The importance of incorporating patient preferences into clinical decisions has been emphasized increasingly in recent years. Patient preferences are particularly germane to decisions regarding prenatal testing, as the values patients ascribe to the outcomes of these decisions are highly personal and value laden, and vary substantially from individual to individual. For many women, not having any form of testing is most aligned with their values. For some women who do desire fetal information, comprehensive detection of a wide range of conditions is most important, while for others, avoiding a miscarriage is the primary consideration.
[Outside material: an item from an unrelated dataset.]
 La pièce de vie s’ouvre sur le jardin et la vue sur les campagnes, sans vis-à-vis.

To enable women to make informed decisions, they need to understand the very real tradeoffs of the various testing options.
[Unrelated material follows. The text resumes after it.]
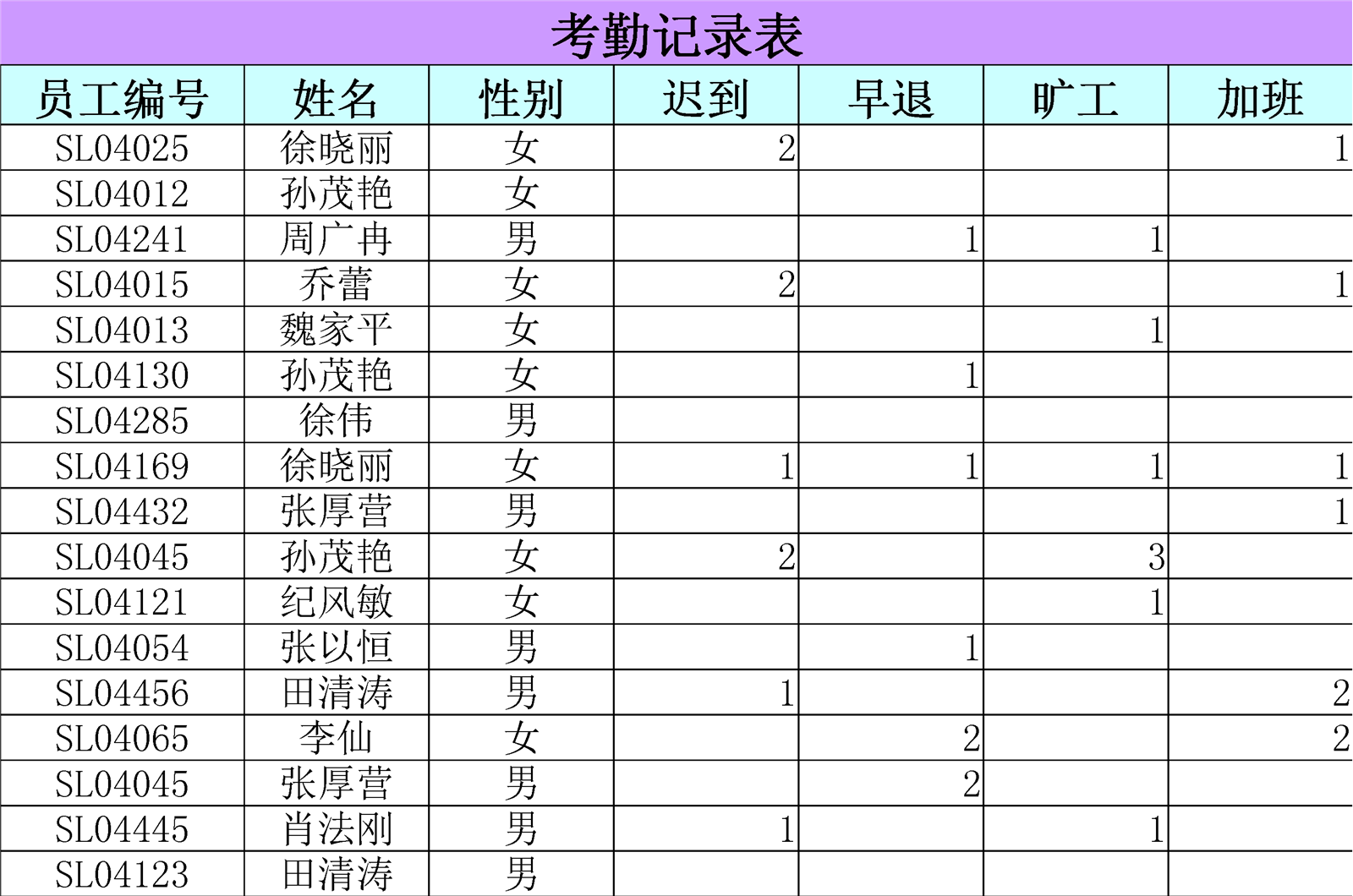 包含同名同姓員工的銷售部員工資料表介紹:

Clearly, prenatal screening has both benefits and limitations when compared to invasive diagnostic testing, and recent reassessment of miscarriage risks associated with prenatal diagnosis, which appear to be substantially lower than what has been traditionally quoted, impacts those tradeoffs. Furthermore, sequential screening has different tradeoffs compared with cfDNA screening. There is no question, however, that more comprehensive—and more accurate, less biased—pre- and posttest counseling is needed regarding prenatal screening and diagnostic testing options. Our goal in comparing the results of the California program with predicted results of cfDNA screening was to point out the biases and limitations in what is known about the impact of population implementation of primary cfDNA screening, and to spark discussion of how to assess and address these issues. Ideally, a comparative effectiveness study should be completed with inclusion of all enrolled patients and comprehensive assessment of outcomes in all patients. Such a study, however, would be very expensive and difficult to undertake in the current environment. In the absence of such a study, we welcome further discussion of patient education, preferences, and values, as well as of who should decide what conditions and test characteristics are most important to consider, and what the appropriate role of risk triage might be.
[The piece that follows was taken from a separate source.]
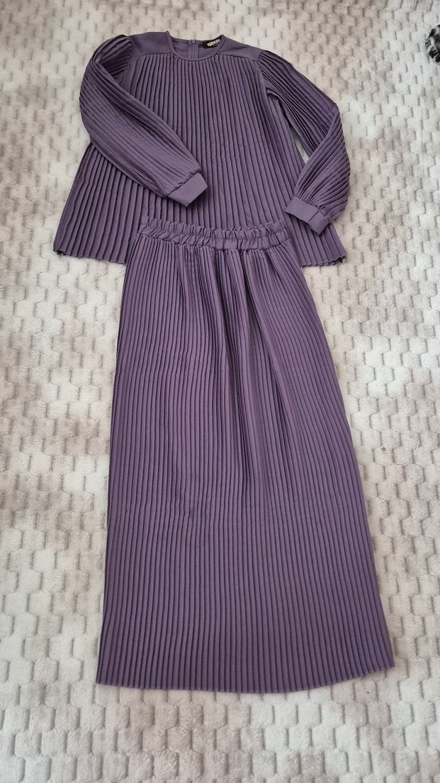 Mor renkte, pilili sentetik kumaştan yapılmış uzun kollu, tek renk ve normal kesim kadın elbisesi. Günlük kullanım için uygundur. mor piliseli kadın trendyolmilla ürünü sıfır hiç giyilmedi

At a minimum, all providers of prenatal screening need to make an active effort to understand and, ideally, to participate in efforts to generate evidence on the outcomes of screening. In addition, practitioners should provide the best available information on ascertainment rates, detection rates, and false-positive rates to their patients, to help them make informed prenatal testing decisions. Assuming that “no news is good news” and that false-negative screening tests will always result in a report back to the laboratory is a wholly inadequate ascertainment approach. Editors of medical journals also have a role in assuring that accurate, unbiased, high-quality data are provided, and should require a minimum rate of follow-up and hold authors of cfDNA studies to a high standard comparable to those required in other areas of clinical research.